Assuming the apparatus 100 receives, as the patient-specific information, that the patient's age is “15” and the address is “Key West, Florida,” the apparatus 100 compares this information to information from other patients of the same or similar age. The apparatus 100 may first determine that patients of this age or similar age have ordered a special-type of light-weight lens. The apparatus 100 may also make additional predictions related to this age that may not necessarily be present in previously-gathered data. For example, the apparatus 100 may make an assumption that this patient may likely play sports, as 15-year olds are typically known to be active and involved in some type of sport. Based on this prediction, the apparatus 100 may make a determination that the special-type of light-weight lens may need a particular type of coating to be more scratch-proof.

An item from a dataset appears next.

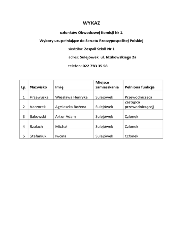 WYKAZ członków Obwodowej Komisji Nr 1 Wybory uzupełniające do Senatu Rzeczypospolitej Polskiej siedziba: Zespół Szkół Nr 1 adres: Sulejówek ul. Idzikowskiego 2a telefon: 022 783 35 58 Lp. Nazwisko Imię Miejsce zamieszkania Pełniona funkcja 1 Przewuska Wiesława Henryka Sulejówek 2 Kaczorek Agnieszka Bożena Sulejówek Przewodnicząca Zastępca przewodniczącej 3 Sakowski Artur Adam Sulejówek Członek 4 Szalach Michał Sulejówek Członek 5 Stefaniuk Iwona Sulejówek Członek WYKAZ członków Obwodowej Komisji Nr 2 Wybory uzupełniające do Senatu Rzeczypospolitej Polskiej siedziba: Zespół Szkół Nr 1 adres: Sulejówek ul. Idzikowskiego 2a telefon: 022 783 35 58 Lp. Nazwisko Imię Miejsce zamieszkania Pełniona funkcja Przewodnicząca 1 Zaperta Joanna Dorota Sulejówek 2 Jakubczak Danuta Sulejówek Zastępca przewodniczącej 3 Lubecka Małgorzata Sulejówek Członek 4 Małkiewicz Tomasz Robert Sulejówek Członek 5 Stefaniuk Dariusz Jan Sulejówek Członek WYKAZ członków Obwodowej Komisji Nr 3 Wybory uzupełniające do Senatu Rzeczypospolitej Polskiej siedziba: Zespół Szkół Nr 2 adres: Sulejówek ul. Okuniewska 2 telefon: 022 783 11 97 Lp. Nazwisko Pełniona funkcja Imię Miejsce zamieszkania 1 Zalewski Jacek Janusz Sulejówek 2 Cielecka Zofia Sulejówek Przewodniczący Zastępca przewodniczącego 3 Nowacka Pelagia Barbara Sulejówek Członek 4 Szatański Jerzy Bogdan Sulejówek Członek 5 Wysocka Halina Sabina Sulejówek Członek WYKAZ członków Obwodowej Komisji Nr 4 Wybory uzupełniające do Senatu Rzeczypospolitej Polskiej siedziba: Szkoła Podstawowa Nr 3 adres: Sulejówek ul. Głowackiego 47 telefon: 022 783 50 19 Lp. Nazwisko Imię Miejsce zamieszkania Pełniona funkcja 1 Goźliński Artur Jarosław Sulejówek 2 Sakowicz Kacper Krzysztof Sulejówek Przewodniczący Zastępca przewodniczącego 3 Kołodko Janusz Zbigniew Sulejówek Członek 4 Makowski Cezary Mirosław Sulejówek Członek 5 Morawska Hanna Sulejówek Członek WYKAZ członków Obwodowej Komisji Nr 5 Wybory uzupełniające do Senatu Rzeczypospolitej Polskiej siedziba: Szkoła Podstawowa Nr 3 adres: Sulejówek ul. Głowackiego 47 telefon: 022 783 50 19 Lp. Nazwisko Imię Miejsce zamieszkania Pełniona funkcja 1 Gruzińska Grażyna Irena Sulejówek 2 Garbuliński Adam Grzegorz Sulejówek Przewodnicząca Zastępca przewodniczącej 3 Czeredys Sławomir Sulejówek Członek 4 Morawska Małgorzata Sulejówek Członek 5 Raczkowski Michał Piotr Sulejówek Członek WYKAZ członków Obwodowej Komisji Nr 6 Wybory uzupełniające do Senatu Rzeczypospolitej Polskiej siedziba: Gimnazjum Nr 2 adres: Sulejówek ul. Narutowicza 10 telefon: 022 783 50 57 Lp. Nazwisko Imię Miejsce zamieszkania Pełniona funkcja 1 Zyskowska Joanna Maria Sulejówek 2 Pawłowska Mirosława Małgorzata Sulejówek Przewodnicząca Zastępca przewodniczącej 3 Górska Magdalena Sulejówek Członek 4 Krawczyk Julia Teresa Sulejówek Członek 5 Stefaniak Tomasz Paweł Sulejówek Członek WYKAZ członków Obwodowej Komisji Nr 7 Wybory uzupełniające do Senatu Rzeczypospolitej Polskiej siedziba: Gimnazjum Nr 2 adres: Sulejówek ul. Narutowicza 10 telefon: 022 783 50 57 Nazwisko Imię Miejsce zamieszkania 1 Malinowska Renata Aneta Sulejówek 2 Lesińska Jolanta Sulejówek Przewodnicząca Zastępca przewodniczącej 3 Bujakowska Izabela Joanna Sulejówek Członek 4 Galińska Renata Małgorzata Sulejówek Członek 5 Szynkiewicz Izabella Sulejówek Członek Lp. Pełniona Funkcja WYKAZ członków Obwodowej Komisji Nr 8 Wybory uzupełniające do Senatu Rzeczypospolitej Polskiej siedziba: Zespół Szkół Ponadgimnazjalnych adres: Sulejówek ul. Paderewskiego 29 telefon: 022 783 10 09 Nazwisko Imię Miejsce zamieszkania 1 Karczewska Marta Sulejówek 2 Pazio Grażyna Sulejówek Przewodnicząca Zastępca przewodniczącej 3 Laskowski Dariusz Sulejówek Członek 4 Wąsowska Marlena Sulejówek Członek 6 Welter Elżbieta Maria Sulejówek Członek Lp. Pełniona funkcja WYKAZ członków Obwodowej Komisji Nr 9 Wybory uzupełniające do Senatu Rzeczypospolitej Polskiej siedziba: Zespół Szkół Ponadgimnazjalnych adres: Sulejówek ul. Paderewskiego 29 telefon: 022 783 10 09 Lp. 1 Nazwisko Imię Miejsce zamieszkania Kikolski Kamil Konrad Sulejówek Pełniona funkcja Przewodniczący 2 Zaboklicka Barbara Sulejówek Zastępca przewodniczącego 3 Chciński Marcin Sulejówek Członek 4 Janiak Kamil Sulejówek Członek 5 Siwińska Elżbieta Sulejówek Członek

Assuming the apparatus 100 receives, as the patient-specific information, hobbies that include scuba diving or boating, the apparatus 100 may determine that a certain type of lens (a lighter and thinner lens) is preferable over another type (a heavier and thicker lens) for this particular patient. Such determination may be made in view of other patients' lens selections in the past, patients who enjoy a similar hobby, lens specifications from the manufacturer, lens reviews (for example, reviews collected and analyzed from various sources including online customer reviews), etc. The apparatus 100 may also take into account fashion trends. Ratings or rankings from external sources (other devices that communicate with the apparatus 100 or stored at the apparatus 100 itself) that track fashion trends can be integrated to demonstrate or list offerings of color and style combinations for lenses and/or frames.

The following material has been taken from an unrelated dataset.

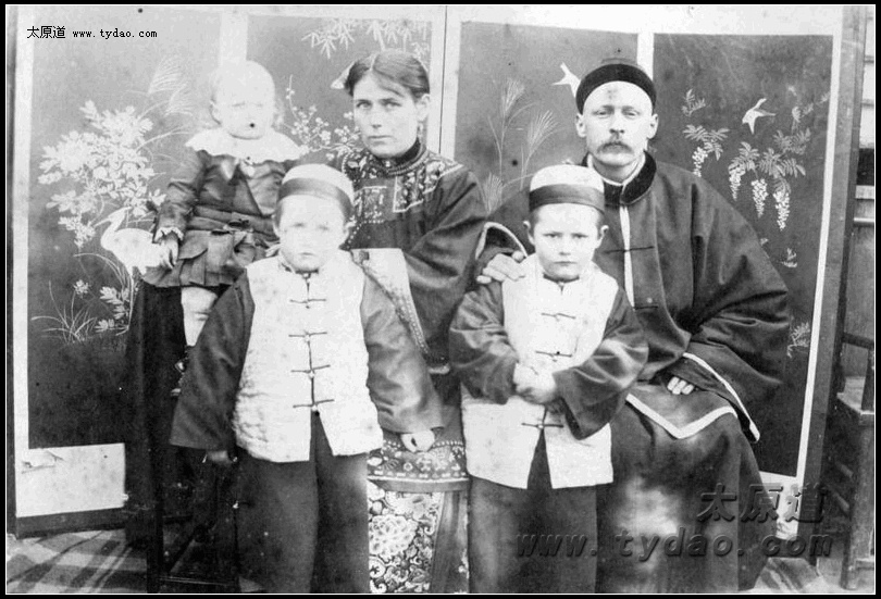 在汾州教会的Charles与Eva Price夫妇和女儿Florence,

As another example, if the patient-specific information indicates that the patient has worn eyeglasses in the past and those eyeglasses have always been of the rimless-type, then apparatus 100 may determine that a certain type of lens is better equipped to be used in rimless eyeglasses. As a further example, if the patient-specific information indicates that the patient spends a considerable amount of time in front of a computer monitor, the apparatus 100 may generate a suggestion of a lens (or certain type of coating) that reduces glare.
The apparatus 100 also performs an analysis on ordering trends of other patients in “Key West, Florida” as well as any other location that may be similar—for example, other beach towns, places in warm climates, etc. With this analysis, the apparatus 100 may determine that a predominant number of patients in Key West, Florida (as well as other similar locations) have ordered photochromic lenses (a lens that darkens in the sun, as opposed to regular lenses—likely due to the sunny climate).

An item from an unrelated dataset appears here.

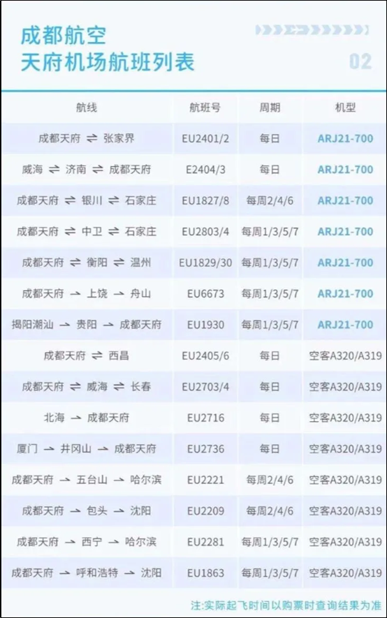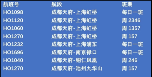 开通成都天府至北京(首都、大兴)、上海(虹桥、浦东)、广州、深圳、杭州、南京、厦门、武汉等商务干线

However, the apparatus 100 does not just make individual determinations based on each piece of information received from the client device 200. In such case, the apparatus 100 would simply provide results of the light-weight lens with the scratch-proof coating as well as photochromic lenses—thereby making in some cases the results too burdensome for the patient (i.e., too many choices). As such, the apparatus 100 goes a step further and performs an analysis on the all patient-specific information provided in combination. Thus, apparatus 100 does not simply look at “age” and “address” separately, but rather compares its findings for both in order to provide improved results to the patient.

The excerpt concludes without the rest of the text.